Response to Question No. 6.5: As described in our lecture and in Faraway (Chapter 3) we apply the Decision Rule as the p.value is greater that 0.001 to reject the small model (g.sm) and we can reject the H0 to conclude that the the mother or the children will predict the child height controling for gender and father.
45 degree line in red
title “Fit Plot”
y-axis label “Child Height”
x-axis label “Fitted Values”
library(ggplot2)
plot1 <- ggplot(g.big) +
aes(x=.fitted, y=childHeight) +
geom_point()
plot1 <- plot1 + geom_abline(intercept = 0, slope = 1, color = "red")

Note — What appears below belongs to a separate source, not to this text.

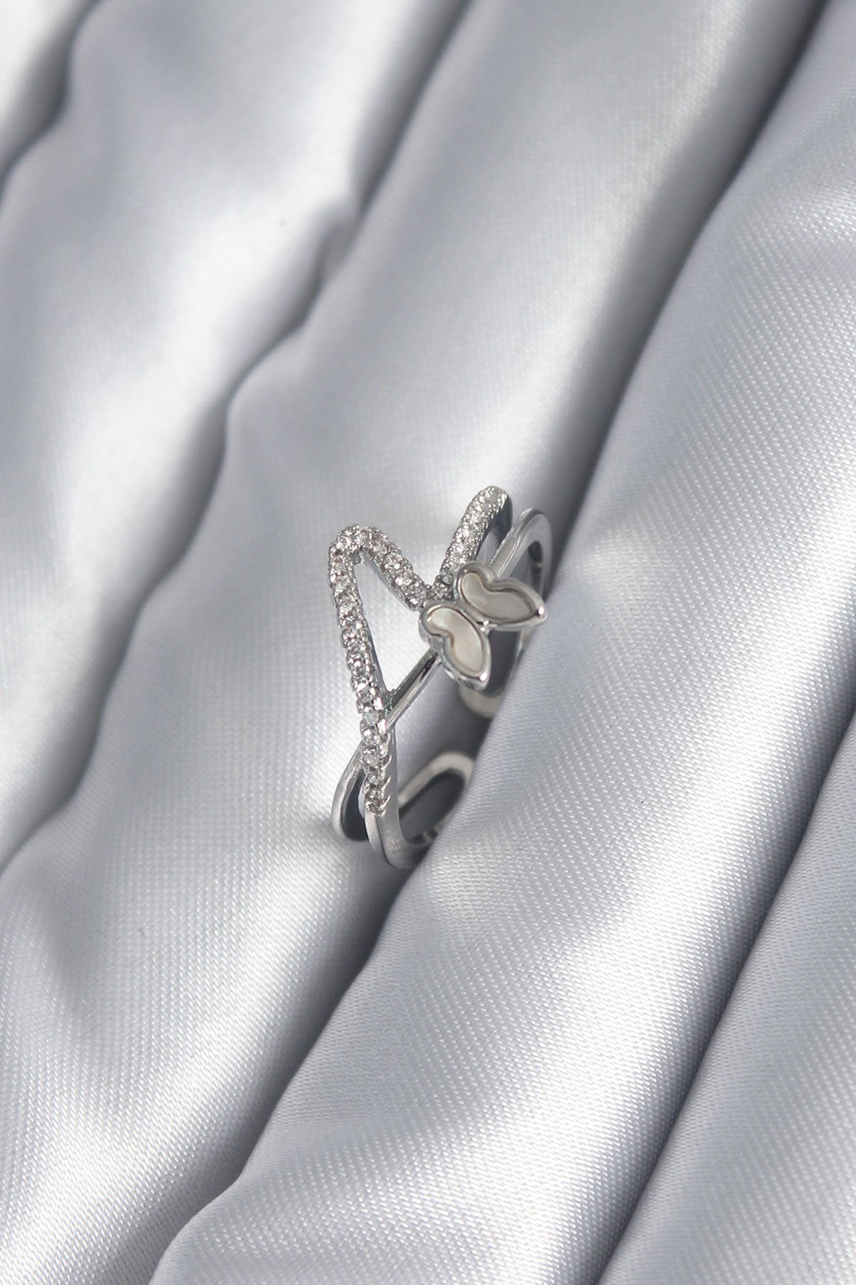 Pirinç Gümüş Renk Zirkon Taş Detay Kelebek Model Kadın Yüzük

plot1 <- plot1 + labs(title = "Fit Plot")
(plot1 <- plot1 + labs(x="Fitted Values", y = "Child Height"))
Response to Question No. 6.6: As shown above, we see a 45 degree line in red in the fit plot observing an interaction between Child Height and Fitted Values.

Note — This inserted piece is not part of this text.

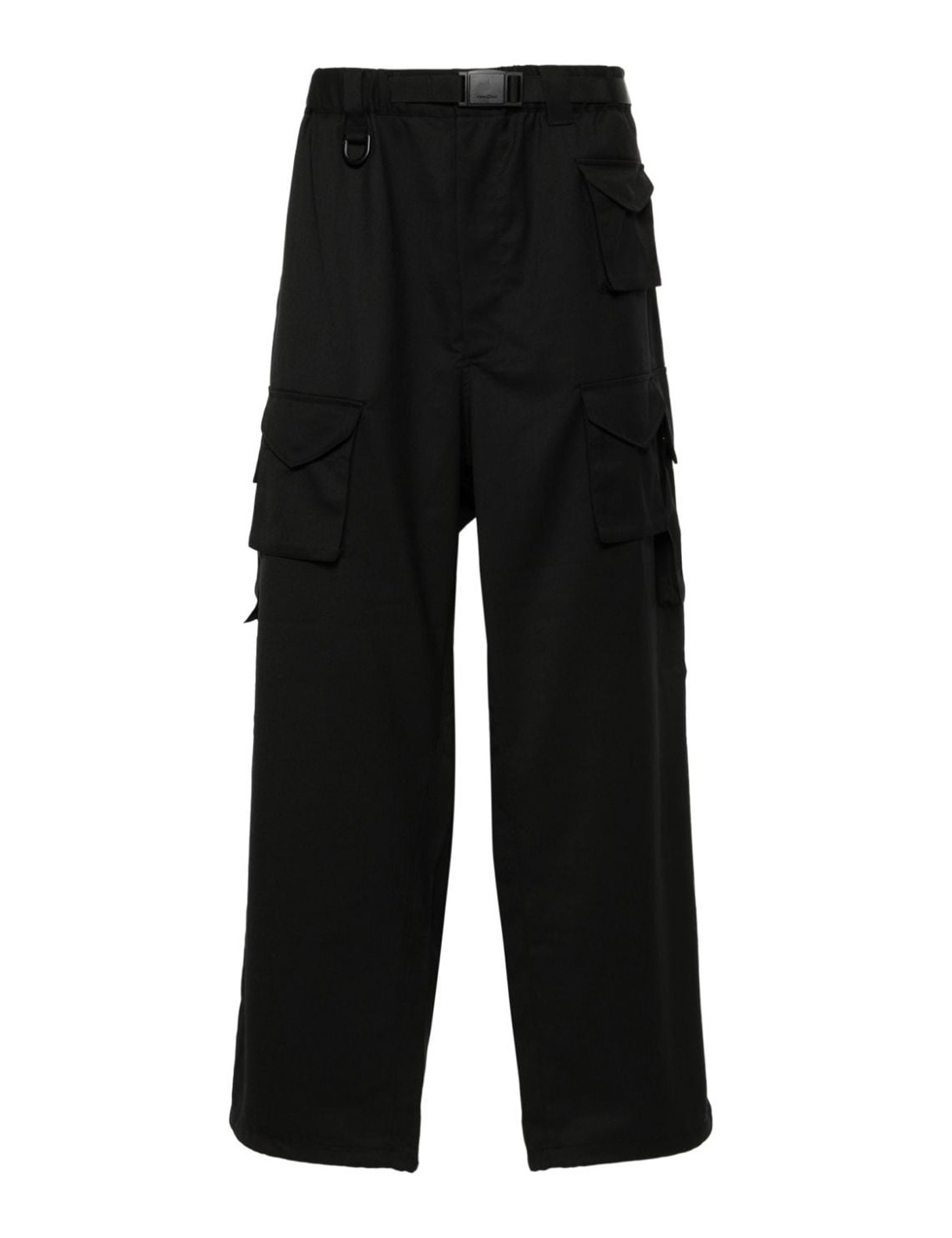 Pants in black wool and polyester, waist belt loops, pence, cargo pockets, side patch logo, 93% lyocell, 7% polyamide, Base Notes: Vetiver, Animal Musk, Sandalwood, Virginia Cedar and Leather

cor(g.big$fitted, Galton2$childHeight)
## [1] 0.797865
Response to Question No. 6.7: The Pearson Correlation is the test statistic that measures the statistical relation or association between two continuous variables that gives information about the magnitude of the association or correlation. as well as the direction of the relations. As indicated above the Pearson Correlation is 0.7979.

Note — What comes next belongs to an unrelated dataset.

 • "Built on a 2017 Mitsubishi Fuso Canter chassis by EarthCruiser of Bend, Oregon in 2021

Response to Question No. 6.8: There is a strong correlation (80%) for the big model.
Response to Question No. 6.9: A strong correlation Pearson Correlation (80%) would show that the big model is useful (along with additional hypothesis testing).
summary(g.big)$r.sq
## [1] 0.6365886
Response to Question No. 6.10: As shown above, the R2 for the g.big model is 0.6366.
Response to Question No. 6.11: The R2 for the g.big model as indicated above in response to Question No. 6.11 is roughly 64% of the ChildHeight deviations. The remaining 36% is likely due to error or other predictors which we did not include in the g.big model.
Response to Question No. 6.12: The R^2 value is simply the square of the correlation coefficient R. On the other hand, the correlation coefficient ( R ) of a model (e.g., variables x and y) takes values between −1 and 1 and describes how x and y are correlated. Hence, R2 is the square of the Pearson correlation between fitted-values and actual y-values.
r <- cor(g.big$fitted, Galton2$childHeight)
r_sq <- r^2
R_sq <- summary(g.big)$r.sq
data.frame(r, r_sq, R_sq)
## r r_sq R_sq
## 1 0.797865 0.6365886 0.6365886
Response to Question No. 6.13: As shown above, the relation holds for the computed values of the g.big model.